Benefits of using Libraries
  • First, they provide a way to share code among several applications. If you have such code, you can create a library with it and link the library with any application that needs it.  
  • Second, libraries provide a way to reduce the complexity of very large applications. Such applications can build and maintain relatively independent portions as libraries and so reduce the burden on programmers working on other portions.
Building a library simply means creating .o files (by compiling your code with the -c option) and combining the .o files into a library using the gcc/c++ command. You can build two kinds of libraries, static (archive) libraries and dynamic (shared) libraries.
Types of the Libraries 
  • static library (also known as an archive) consists of routines that are compiled and linked directly into your program. When you compile a program that uses a static library, all the functionality of the static library becomes part of your executable. On Windows, static libraries typically have a .lib extension, whereas on linux, static libraries typically have an .a (archive) extension. One advantage of static libraries is that you only have to distribute the executable in order for users to run your program. Because the library becomes part of your program, this ensures that the right version of the library is always used with your program. Also, because static libraries become part of your program, you can use them just like functionality you’ve written for your own program. On the downside, because a copy of the library becomes part of every executable that uses it, this can cause a lot of wasted space. Static libraries also can not be upgraded easy — to update the library, the entire executable needs to be replaced. With static (archive) libraries, objects within the library are linked into the program’s executable file at link time. Only those .o files from the library that are needed by the application are linked into the executable. The name of a static (archive) library generally ends with a .a suffix.
  • dynamic library (also called a shared library) consists of routines that are loaded into your application at run time. When you compile a program that uses a dynamic library, the library does not become part of your executable — it remains as a separate unit. On Windows, dynamic libraries typically have a .dll (dynamic link library) extension, whereas on Linux, dynamic libraries typically have a .so (shared object) extension. One advantage of dynamic libraries is that many programs can share one copy, which saves space. Perhaps a bigger advantage is that the dynamic library can be upgraded to a newer version without replacing all of the executables that use it. With dynamic (shared) libraries, objects within the library are not linked into the program’s executable file, but rather the linker notes in the executable that the program depends on the library. When the program is executed, the system loads the dynamic libraries that the program requires. If two programs that use the same dynamic library execute at the same time, the operating system shares the library among the programs. The name of a dynamic (shared) library ends with a .so suffix. 
Linking dynamically with shared libraries has several advantages over linking statically with archive libraries: 
  • The size of the executable is smaller 
  • Significant portions of code can be shared among programs at runtime, reducing the amount of memory use. 
  • The library can be replaced at runtime without relinking with the application. (This is the primary mechanism that enables programs to take advantage of many improvements in the Solaris operating system without requiring relinking and redistribution of programs.) 
  • The shared library can be loaded at runtime, using the dlopen() function call.
However, dynamic libraries have some disadvantages: 
  • Runtime linking has an execution-time cost. 
  • Distributing a program that uses dynamic libraries might require simultaneous distribution of the libraries it uses. 
  • Moving a shared library to a different location can prevent the system from finding the library and executing the program. (The environment variable LD_LIBRARY_PATH helps overcome this problem.)
Up to now these are the basics of the libraries, static and dynamic and both. Now we will see the steps required to build the static and the dynamic libraries.
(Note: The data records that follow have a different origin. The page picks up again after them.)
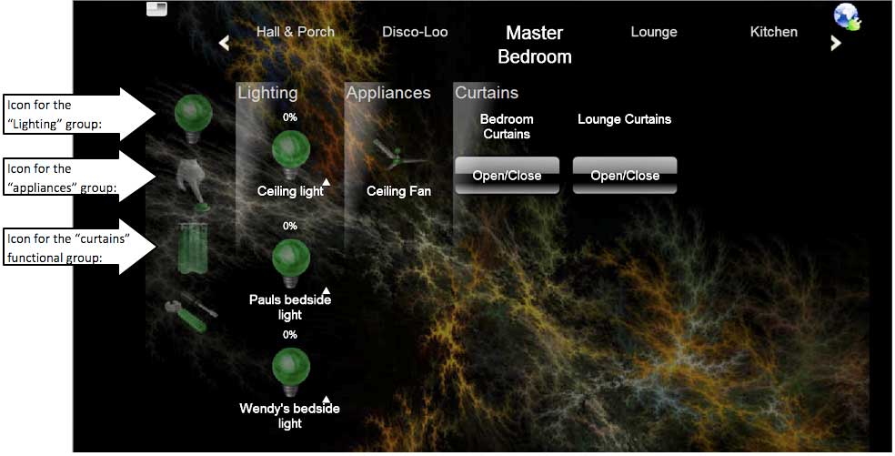 As a result of the above, the Wiser automatically builds a web page containing all the items you added. The locations appear as a strip along the top, and the functional groups appear as a column down the left. The icons are the ones I chose from the default set available in PICED when I added those functional groups, although you can of course get it to use pretty much any graphics you want.
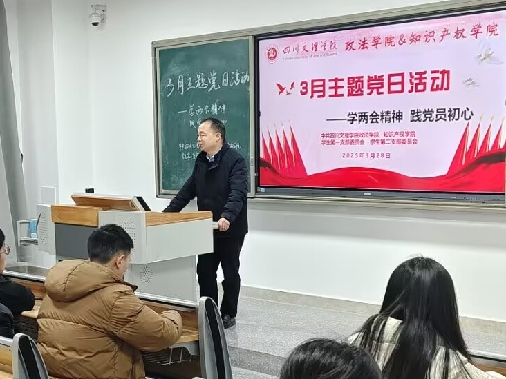 唐幸福总结讲话,他强调本次“学两会精神,践党员初心”主题党日活动意义非凡。身为大学生党员,大家既要深入学习习近平总书记重要讲话与全国两会精神,用理论武装头脑,筑牢信仰之基,实现理论铸魂;又要立足专业特长,积极投身实践。比如,历史学专业的同学可积极参与支教,用知识照亮他人;行政管理专业的同学深入社区调研,助力社区治理;知识产权的同学开展法律咨询,推动法治社会建设。他希望党员同志们在服务社会中不断成长,在实干担当中奋勇前行,以实际行动为党和人民的事业添砖加瓦,不负时代使命。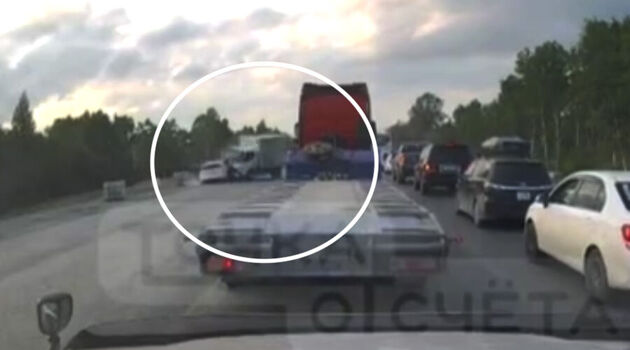 На Сахалине на видео попало жесткое столкновение Toyota Prius с грузовиком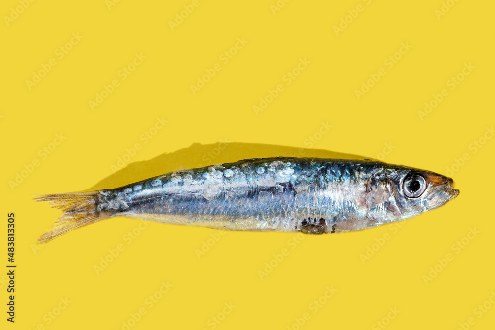 (Engraulis encrasicolus) Fresh silver-colored anchovies on a yellow background. Fish rich in vitamin B with an exquisite flavor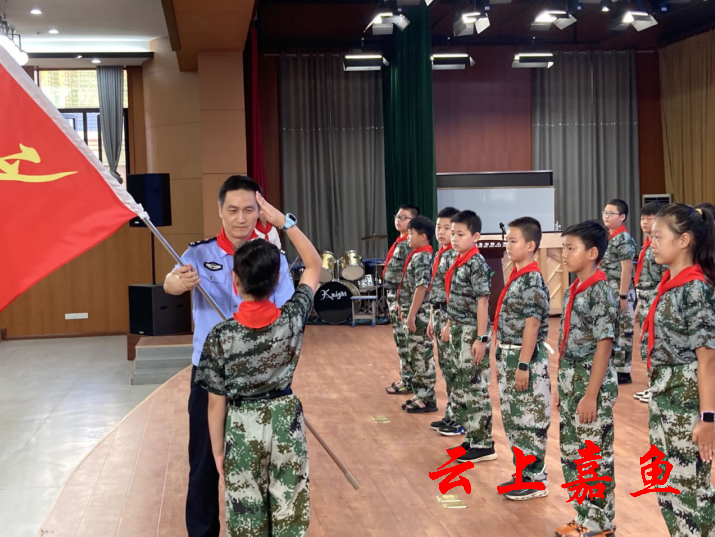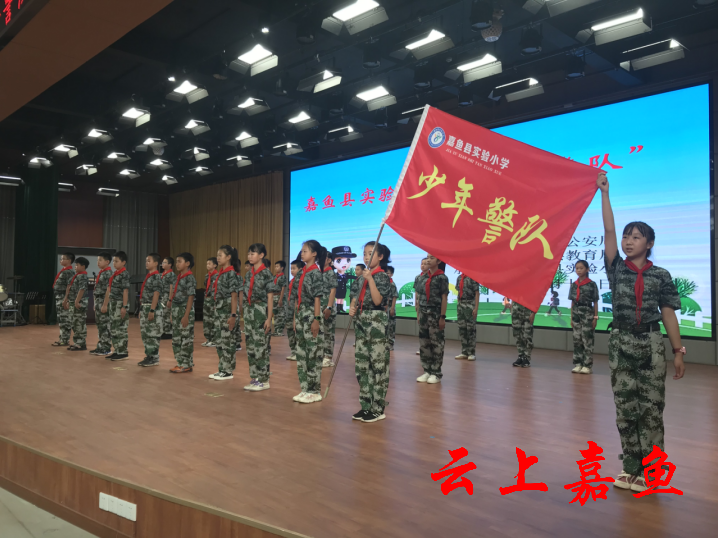 云上嘉鱼报道(全媒体记者胡知微 通讯员吕铁桶)为了进一步创建文明校园,9月16日,由县公安局、县教育局主办,县实验小学承办的嘉鱼县实验小学“少年警队”授旗仪式举行,该校五年级学生200余人见证了庄严的授旗仪式。

Building the static libraries:

The mechanism for building static (archive) libraries is similar to that of building an executable. A collection of object (.o) files can be combined into a single library using the– GNU ar program.
You should build static (archive) libraries using gcc -ar instead of using the ar command directly. The C++ language generally requires that the compiler maintain more information than can be accommodated with traditional .o files, particularly template instances. The – ar option ensures that all necessary information, including template instances, is included in the library. You might not be able to accomplish this in a normal programming environment since make might not know which template files are actually created and referenced. Without c++ -ar, referenced template instances might not be included in the library, as required. For example:

[sgupta@rhel55x86 static]$ c++ -c MyCode.cpp
[sgupta@rhel55x86 static]$ c++ -ar -o libMyCode.a libMyCode.o.

Following two steps are doing the following things,

1.  C++ -c MyCode.cpp # Compile main file, templates objects are created.
2.  C++ -ar -o libMyCode.a libMyCode.o # Gather all objects into a library.

The –ar flag causes gcc to create a static (archive) library. The– o directive is required to name the newly created library. The compiler examines the object files on the command line, cross-references the object files with those known to the template repository, and adds those templates required by the user’s object files (along with the main object files themselves) to the archive.

Note –
Use the -ar flag for creating or updating an existing archive only. Do not use it to maintain an archive. The -ar option is equivalent to ar -cr.

It is a good idea to have only one function in each .o file. If you are linking with an archive, an entire .o file from the archive is linked into your application when a symbol is needed from that particular .o file. Having one function in each .o file ensures that only those symbols needed by the application will be linked from the archive.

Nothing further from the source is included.